X-ray and other imaging has also had its effect on the study of the wrist. In the Preface to his A Clinical Atlas: Variations of the Bones of the Hands and Feet (Philadelphia and London, 1907) the Harvard Professor of Anatomy, Thomas Dwight, noted that “The constantly increasing use of the X-ray has shown that the study of variations is not a scientific fad but a matter of very great practical importance. Not only are the ordinary variations (still but little known to the surgeon) constantly appearing, but very uncommon ones are occasionally seen. In fact the number of hands and feet examined by the X-ray is so much greater than that of those seen post mortem by anatomists, that it is not surprising that variations thought excessively rare should repeatedly be brought to light.”

But I don’t have any extra bones, or missing ones. Just a normal, but damaged, wrist. And one which, I hope, is now correctly diagnosed, thanks to a technology superior to that of Roentgen. In my MRI, I’ve seen not my death, but my diagnosis.

Notes

  1. Emma Machin, Julian Blackham, and Jonathan Benger, “GEMNet guideline: Management of Suspected Scaphoid Fractures in the Emergency Department [PDF],” The College of Emergency Medicine, September 2013. Return to text.

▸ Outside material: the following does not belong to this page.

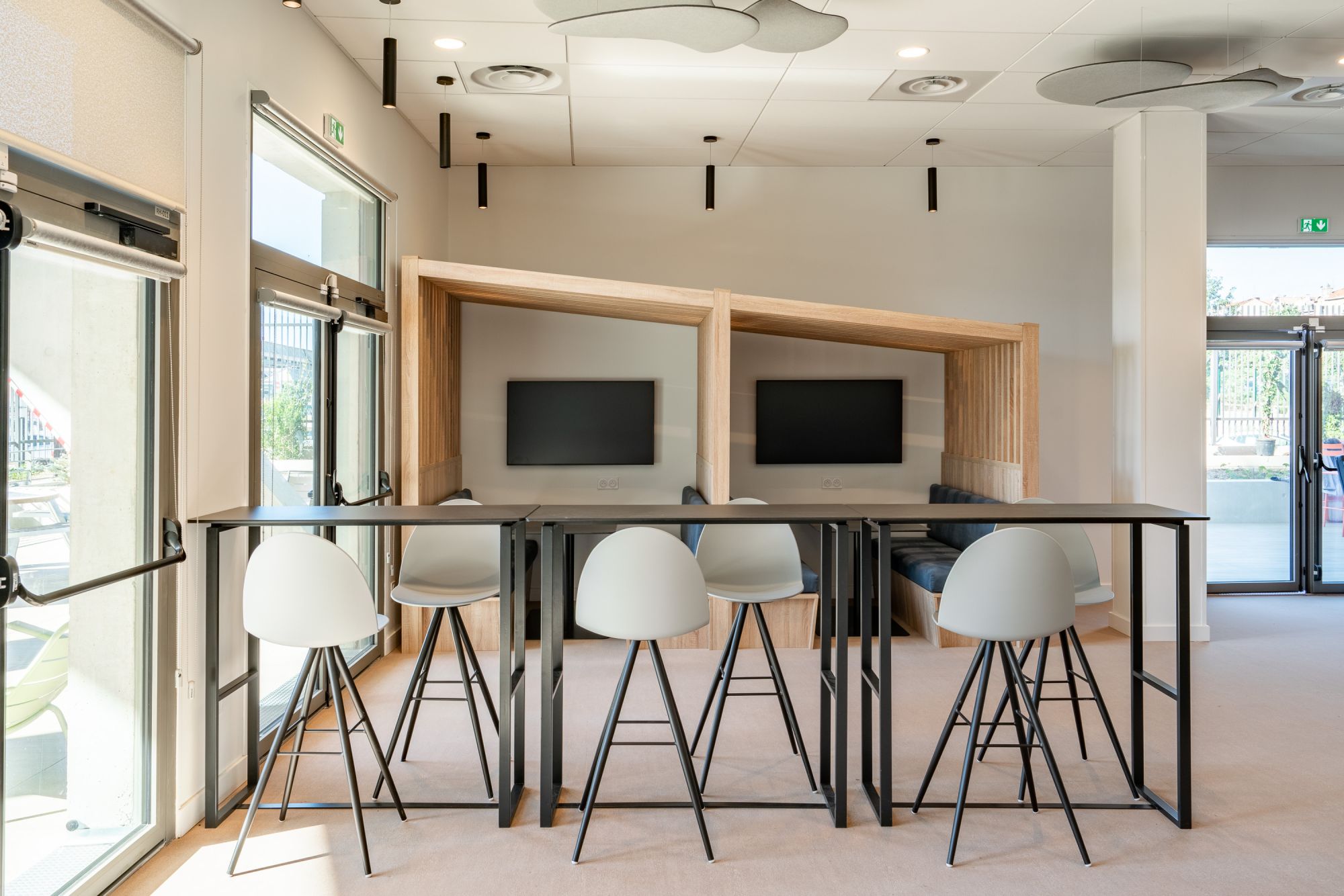 - Des espaces de vie et de communication (hall, restauration d'entreprise, showroom, salle de détente, place du village)

Helen King is Professor of Classical Studies at The Open University, UK. After a BA in Ancient History and Social Anthropology at UCL, followed by a PhD on ancient Greek menstruation, she has worked in an interdisciplinary way on a range of topics around the histories of gender, gynecology, midwifery and puberty. She is a monthly contributor to www.wondersandmarvels.com and also writes for The Conversation UK, https://theconversation.com/profiles/helen-king-94923/articles

7 thoughts on “The History of a Wrist: When Historians Fall Over

    • Author gravatar

      I’m interested in your fascination about when doctors use insight as opposed to medicine. My mother suffered for 11 months before pericardial constriction was finally diagnosed. When I spoke to her surgeon, an older man, he said that today’s doctors make their diagnoses on X rays and ultrasounds, usually without having seen the patient. This condition did not show up on those scans and he said that if he had been in charge and taken one look at my mother, he would have realised the condition whatever the scans said.

    • Author gravatar

      And Asa in the thirty and ninth year of his reign was diseased in his feet, until his disease was exceeding great: yet in his disease he sought not to the LORD, but to the physicians.

      Have not faith in the physicians, Mistress Helen, but in the culturally appropriate narrative.

    • Author gravatar

      By the way, if anyone’s interested, there’s a lot more that could be milked out of Vesalius, his hand, and the dissected hand.

      • Author gravatar

        Certainly, David. Following Aristotle et al., there’s lots on the hand as the instrument that sets us apart from the rest of the animal kingdom, and on why Vesalius chose to be shown dissecting the hand in the image which comes first in the ‘Fabrica’, after the title page image…!

    • Author gravatar

      Alisa’s daughter Sophia has done something painful to her wrist and had roughly the same treatment by hospital ie nothing showing on xray but might have broken something!!

      • Author gravatar

        my advice to anyone in this situation would be: if there’s any doubt, treat it as if it’s broken and keep going back until they take you seriously! Since I had my injury, I’ve also been told that if it swells very quickly it’s probably a break, whereas if it swells over 24 hours or so it probably isn’t. Other readers may well be able to advise on this point!